BEGIN DATASET ENTRIES

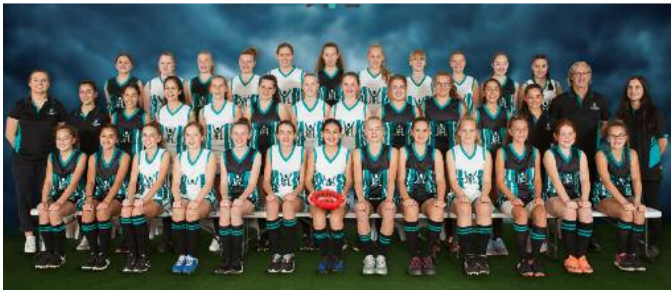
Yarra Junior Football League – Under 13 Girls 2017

END DATASET ENTRIES
BEGIN DATASET ENTRIES

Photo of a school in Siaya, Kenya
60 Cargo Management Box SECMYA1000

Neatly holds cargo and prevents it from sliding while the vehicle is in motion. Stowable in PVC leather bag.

END DATASET ENTRIES
BEGIN DATASET ENTRIES

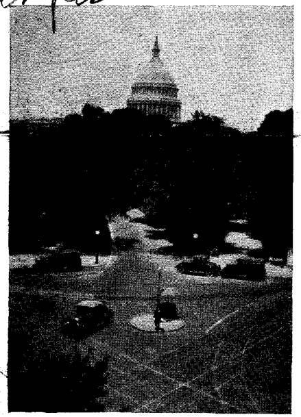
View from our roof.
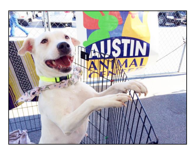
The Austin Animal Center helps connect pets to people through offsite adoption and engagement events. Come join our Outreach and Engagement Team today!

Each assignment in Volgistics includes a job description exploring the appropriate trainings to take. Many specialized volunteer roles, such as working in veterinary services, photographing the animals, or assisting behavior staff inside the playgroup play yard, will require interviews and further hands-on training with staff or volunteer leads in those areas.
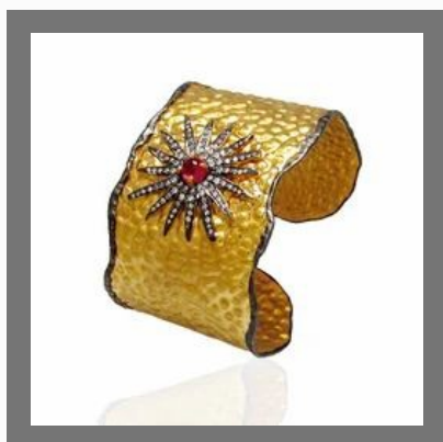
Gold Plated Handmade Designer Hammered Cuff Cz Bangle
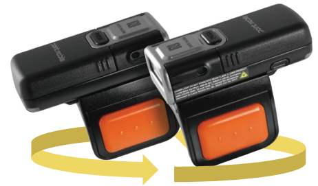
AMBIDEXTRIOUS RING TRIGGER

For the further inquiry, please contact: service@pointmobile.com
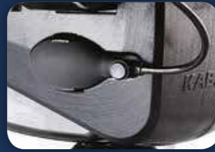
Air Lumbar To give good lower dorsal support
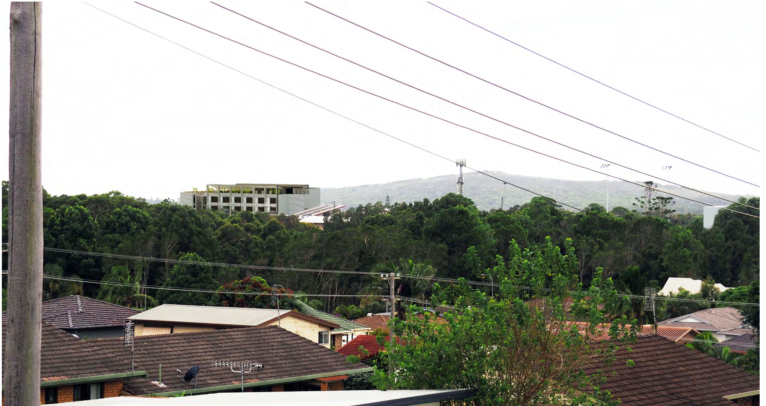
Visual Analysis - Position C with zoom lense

END DATASET ENTRIES

In the entries above, find the line containing "The Austin Animal" and the line containing "Visual Analysis - Position C with zoom lense", then copy both and every line between them exactly, without any picture.

The Austin Animal Center helps connect pets to people through offsite adoption and engagement events. Come join our Outreach and Engagement Team today!

Each assignment in Volgistics includes a job description exploring the appropriate trainings to take. Many specialized volunteer roles, such as working in veterinary services, photographing the animals, or assisting behavior staff inside the playgroup play yard, will require interviews and further hands-on training with staff or volunteer leads in those areas.
Gold Plated Handmade Designer Hammered Cuff Cz Bangle
AMBIDEXTRIOUS RING TRIGGER

For the further inquiry, please contact: service@pointmobile.com
Air Lumbar To give good lower dorsal support
Visual Analysis - Position C with zoom lense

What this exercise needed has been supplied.